Pediatric case of immune-mediated necrotizing myopathy with anti-HMGCR antibodies and dermatomyositis skin rash

A 9-year-old girl from Mayotte (a south-east African island) presented with progressive symmetrical proximo-distal muscle weakness associated with myalgias for the past year. A skin rash appeared on the extensor aspect of elbows, hands and knees, with pruritic erythematous plaques (Figs. 1, 2 and 3). Apart from periungual telangiectasias, the other dermatomyositis classical cutaneous manifestations (e.g. violaceous erythema of the eyelids, malar rash, poikiloderma) were not found. Patient also had muscular atrophy, reduced walking ability requiring a manual wheelchair for long distances and weight loss (BMI 12.97 kg/m²).

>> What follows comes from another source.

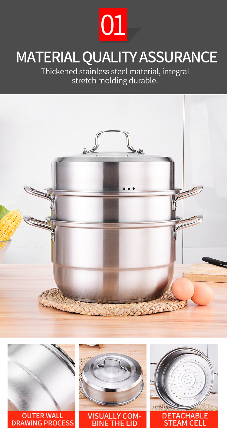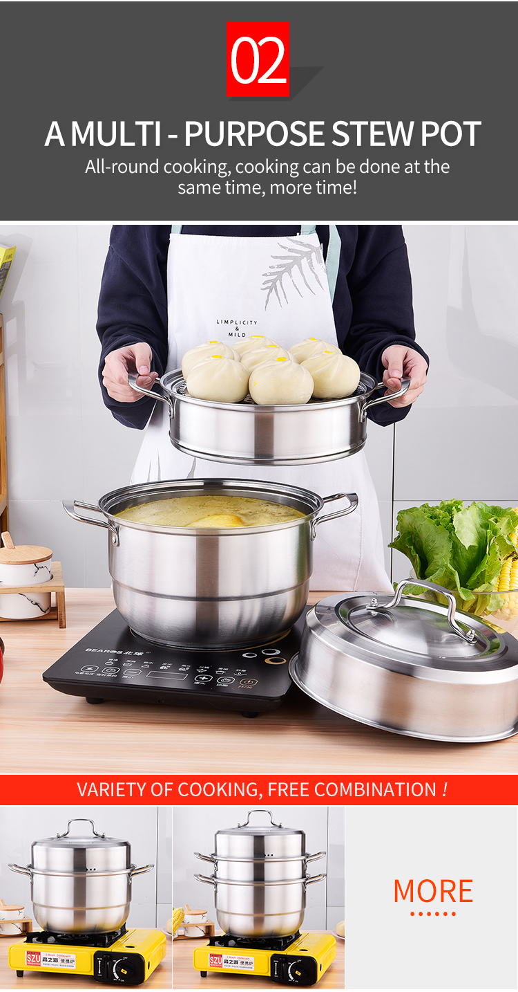 High capacity 28/30cm stainless steel cooking steamer pot family hotel cooking pot

Cutaneous calcinosis was not found. Skin biopsy revealed non-specific dermal inflammatory changes with mucin deposits, consistent with dermatomyositis. CK was markedly elevated at 26,240 IU/L (N < 180). ANA and myositis dot were negative. Anti-HMGCR antibodies were present at high levels (691 CU ; N < 20), leading to the diagnosis of IMNM.

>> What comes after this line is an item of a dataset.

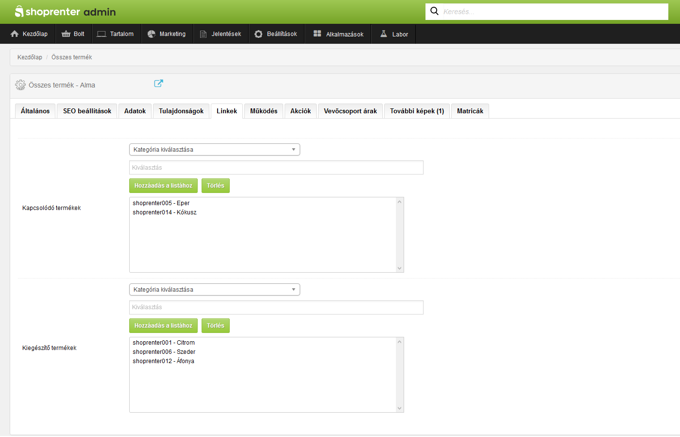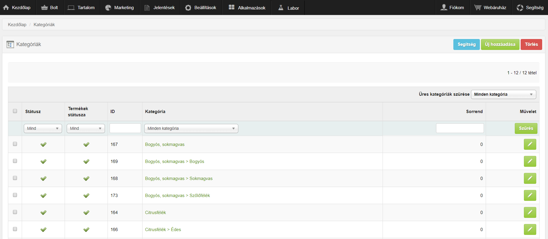 5.Végül a Fuvardíj paraméterben az általunk használt fuvardíjakat besoroljuk az új kategória három tételével. Például a személyes átvételhez felvesszük a "bolti átvét" tételt, a saját házhoz szállítás paraméterhez a "saját szállítás", az összes futárszolgálat paraméterhez (GLS, MPL, PPP stb.) pedig a "futárszolgálat" kategória tételt.

Other cases of IMNM associated with a rash suggestive of juvenile dermatomoyositis (JDM) have been reported [1, 2, 4]. In children with anti-HMGCR antibodies, this association does not seem unusual. Depending on the series, between 40 and 60% of them have skin manifestations suggestive of JDM [1, 2].

In our case, skin lesions disappeared after corticosteroid and methotrexate treatment. Muscle weakness persisted and CK levels plateaued, prompting the start of monthly IVIg courses. Rituximab will be added if no clinico-biological improvement is seen after 4 courses of IVIg. Resolution of the skin rash with myositis treatment and the presence of anti-HMGCR antibodies led us to consider this cutaneous involvement as secondary to the IMNM.